La última crisis ha abierto un gran debate en EE UU sobre la eficiencia del sistema y el papel del Gobierno

¿Es hora de reinventar el capitalismo?

Con la caída del Muro de Berlín, Francis Fukuyama (1992) proclamó el fin de la historia al considerar que la lucha ideológica entre el capitalismo y el socialismo había terminado ya que, hasta la República Popular China, con la llegada al poder de Deng Xiaoping, comprendió que el sistema capitalista sería capaz de producir bienes suficientes para sacar de la hambruna a la China comunista de Mao Zedong. El sistema capitalista ha sido capaz de “desproletizar” al hombre común (Von Mises, 1956) creando una miríada de clases dentro del concepto genérico de burguesía.

Según Kaletsky (Capitalims 4.0, 2010), el capitalismo evoluciona. Desde 1876 hasta la Gran Depresión de 1929 el sistema de organización social trató la distribución económica y la estructura política como aspectos independientes de la actividad humana.
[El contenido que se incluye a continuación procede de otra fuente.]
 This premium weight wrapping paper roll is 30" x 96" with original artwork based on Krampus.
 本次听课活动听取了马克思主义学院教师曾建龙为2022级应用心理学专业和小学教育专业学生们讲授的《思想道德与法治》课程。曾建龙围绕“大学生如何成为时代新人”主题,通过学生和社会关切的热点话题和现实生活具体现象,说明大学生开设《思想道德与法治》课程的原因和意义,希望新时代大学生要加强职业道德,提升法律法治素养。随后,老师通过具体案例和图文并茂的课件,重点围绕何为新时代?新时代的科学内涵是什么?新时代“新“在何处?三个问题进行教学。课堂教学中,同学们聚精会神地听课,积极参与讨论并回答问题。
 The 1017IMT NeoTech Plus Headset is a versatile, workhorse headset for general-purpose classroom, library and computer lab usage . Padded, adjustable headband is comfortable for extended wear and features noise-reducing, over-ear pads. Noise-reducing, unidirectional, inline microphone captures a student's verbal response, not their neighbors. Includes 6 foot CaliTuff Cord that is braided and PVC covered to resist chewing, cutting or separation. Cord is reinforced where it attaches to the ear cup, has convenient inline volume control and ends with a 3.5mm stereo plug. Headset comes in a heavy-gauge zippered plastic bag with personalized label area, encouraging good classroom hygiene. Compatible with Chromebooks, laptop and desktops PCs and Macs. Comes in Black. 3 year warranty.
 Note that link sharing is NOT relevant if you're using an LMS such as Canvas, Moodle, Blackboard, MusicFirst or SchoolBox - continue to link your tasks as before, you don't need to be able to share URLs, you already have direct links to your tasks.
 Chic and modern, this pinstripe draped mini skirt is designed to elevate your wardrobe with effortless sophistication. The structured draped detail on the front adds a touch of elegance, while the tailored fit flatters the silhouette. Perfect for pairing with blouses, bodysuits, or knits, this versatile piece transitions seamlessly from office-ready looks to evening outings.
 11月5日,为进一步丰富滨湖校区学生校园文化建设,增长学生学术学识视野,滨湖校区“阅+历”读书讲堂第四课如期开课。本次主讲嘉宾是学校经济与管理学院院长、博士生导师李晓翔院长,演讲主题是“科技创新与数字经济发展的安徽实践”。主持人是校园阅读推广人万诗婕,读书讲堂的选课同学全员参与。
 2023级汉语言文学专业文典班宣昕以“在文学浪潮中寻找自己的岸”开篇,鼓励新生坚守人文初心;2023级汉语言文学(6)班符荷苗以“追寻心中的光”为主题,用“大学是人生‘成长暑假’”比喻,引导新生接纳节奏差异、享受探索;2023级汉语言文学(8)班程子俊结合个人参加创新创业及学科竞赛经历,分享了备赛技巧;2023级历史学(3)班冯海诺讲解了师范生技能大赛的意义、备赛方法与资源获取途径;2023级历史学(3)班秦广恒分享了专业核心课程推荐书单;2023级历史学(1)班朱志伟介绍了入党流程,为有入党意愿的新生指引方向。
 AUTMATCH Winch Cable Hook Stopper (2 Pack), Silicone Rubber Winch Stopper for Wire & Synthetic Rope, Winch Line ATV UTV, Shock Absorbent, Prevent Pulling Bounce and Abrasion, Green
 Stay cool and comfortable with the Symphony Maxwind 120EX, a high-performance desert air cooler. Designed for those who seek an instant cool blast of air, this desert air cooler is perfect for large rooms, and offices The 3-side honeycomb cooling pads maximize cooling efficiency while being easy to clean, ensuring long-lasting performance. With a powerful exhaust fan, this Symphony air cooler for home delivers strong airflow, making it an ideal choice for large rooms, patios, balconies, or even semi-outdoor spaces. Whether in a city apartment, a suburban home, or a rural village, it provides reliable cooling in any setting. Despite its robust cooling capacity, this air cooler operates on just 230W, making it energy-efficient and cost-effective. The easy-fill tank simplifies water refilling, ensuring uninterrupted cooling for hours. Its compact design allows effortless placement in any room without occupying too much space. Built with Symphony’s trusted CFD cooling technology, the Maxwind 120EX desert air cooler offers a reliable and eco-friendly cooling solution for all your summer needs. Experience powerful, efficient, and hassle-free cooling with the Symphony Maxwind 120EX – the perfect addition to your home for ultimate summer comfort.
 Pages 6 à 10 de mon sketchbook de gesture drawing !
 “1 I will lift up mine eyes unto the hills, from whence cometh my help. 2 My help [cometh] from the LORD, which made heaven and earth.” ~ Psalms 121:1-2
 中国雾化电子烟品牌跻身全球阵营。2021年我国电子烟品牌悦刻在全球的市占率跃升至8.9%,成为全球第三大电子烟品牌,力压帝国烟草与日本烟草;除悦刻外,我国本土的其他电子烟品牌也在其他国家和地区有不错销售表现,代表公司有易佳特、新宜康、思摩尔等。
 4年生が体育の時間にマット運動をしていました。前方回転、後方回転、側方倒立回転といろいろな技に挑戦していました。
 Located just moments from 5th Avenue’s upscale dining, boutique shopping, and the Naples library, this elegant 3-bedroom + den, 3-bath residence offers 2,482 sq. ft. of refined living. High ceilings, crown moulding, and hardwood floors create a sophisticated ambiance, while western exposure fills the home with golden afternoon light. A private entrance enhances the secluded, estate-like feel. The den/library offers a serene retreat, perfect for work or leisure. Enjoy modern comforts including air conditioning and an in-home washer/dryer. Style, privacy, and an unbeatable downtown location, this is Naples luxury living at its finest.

A causa de la Gran Depresión, el presidente Roosevelt puso en marcha el conocido New Deal con el enfoque socialdemócrata keynesiano, convirtiéndose la económica en un anexo de la organización política. El fundamento consistía en que una demanda agregada inadecuada, a causa de la caída de la demanda e inversión privada por el espíritu animal de los inversores, conducía a la caída de la actividad económica existiendo periodos prolongados de desempleo (Keynes, 1936). Se convertía, por tanto, el Gobierno en el responsable de mantener el crecimiento económico y ayudar a la recuperación de la demanda mediante la mano estabilizadora de políticas gubernamentales de inversión pública.

Este enfoque, con mayores o menores retoques, hizo crisis con la llegada al poder de Margaret Thatcher y Ronald Reagan que terminó en la crisis del mundo socialista con la caída del Muro de Berlín. A partir de entonces, la política quedaba supeditada a la organización de la economía en base al monetarismo y a un enfoque ciertamente radical que propugnaba Alan Greenspan como presidente de la Reserva Federal de Estados Unidos. Se discutía entonces la eficiencia del mercado y la ineficiente mano de los políticos. Con la crisis de diciembre del 2007 (NBER), el sistema capitalista se ha visto en otra encrucijada para continuar una acertada relación entre política y economía y seguir siendo el único sistema de organización económica eficiente en el siglo XXI. El capitalismo es por tanto un sistema que, como la naturaleza, se adapta al momento de forma continuada y evoluciona con los retos.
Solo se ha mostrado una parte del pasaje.